RECORDS FOR THE EXERCISE >>

———

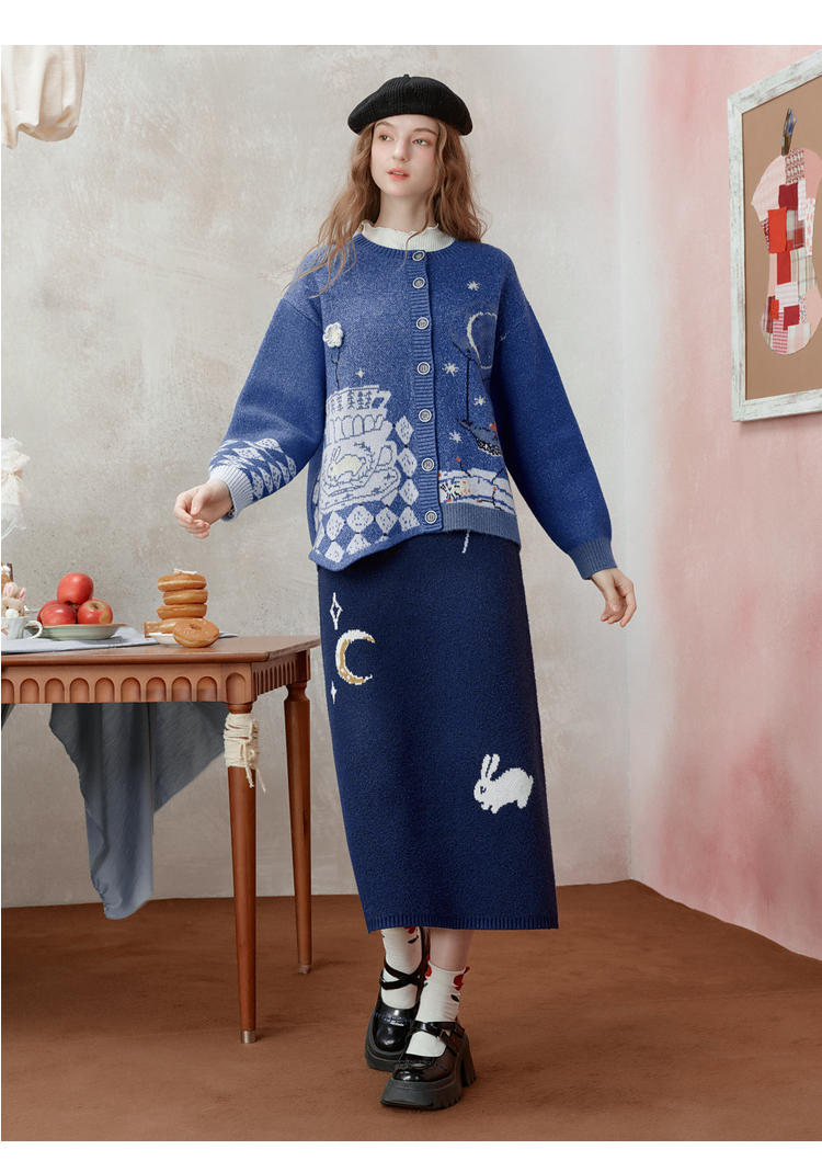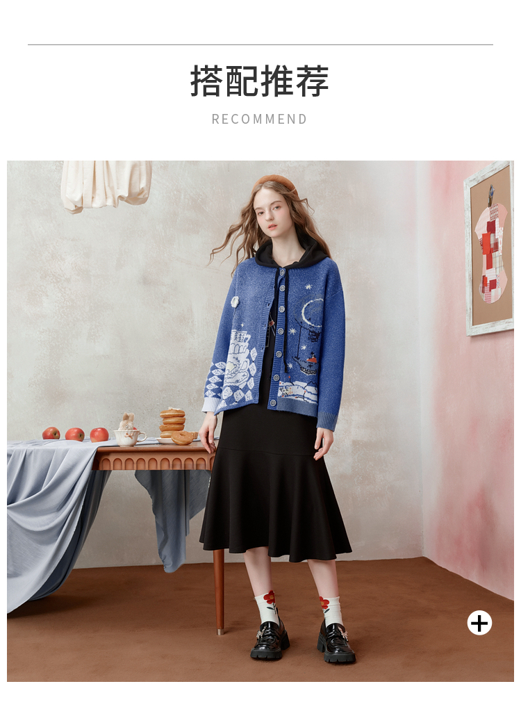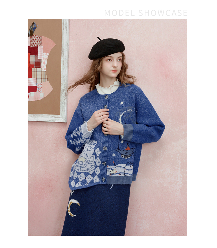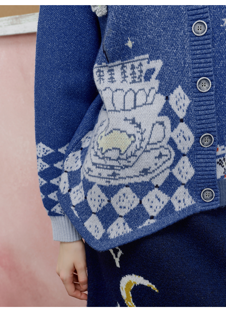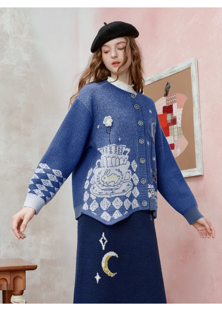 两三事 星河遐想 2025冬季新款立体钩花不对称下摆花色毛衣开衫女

———

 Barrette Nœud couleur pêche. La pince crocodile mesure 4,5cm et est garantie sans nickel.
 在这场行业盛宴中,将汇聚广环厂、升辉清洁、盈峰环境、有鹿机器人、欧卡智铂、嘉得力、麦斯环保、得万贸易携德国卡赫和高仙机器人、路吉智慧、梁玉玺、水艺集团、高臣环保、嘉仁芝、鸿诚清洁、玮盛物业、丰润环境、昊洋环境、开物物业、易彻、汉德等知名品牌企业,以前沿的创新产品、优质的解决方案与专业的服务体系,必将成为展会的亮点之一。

———

GOAL OF THE EXERCISE >> Of the entries above, repeat exactly the lines between the line with "Barrette Nœud couleur" and the line with "在这场行业盛宴中,将汇聚广环", inclusive, and no others.

RESPONSE >>
 Barrette Nœud couleur pêche. La pince crocodile mesure 4,5cm et est garantie sans nickel.
 在这场行业盛宴中,将汇聚广环厂、升辉清洁、盈峰环境、有鹿机器人、欧卡智铂、嘉得力、麦斯环保、得万贸易携德国卡赫和高仙机器人、路吉智慧、梁玉玺、水艺集团、高臣环保、嘉仁芝、鸿诚清洁、玮盛物业、丰润环境、昊洋环境、开物物业、易彻、汉德等知名品牌企业,以前沿的创新产品、优质的解决方案与专业的服务体系,必将成为展会的亮点之一。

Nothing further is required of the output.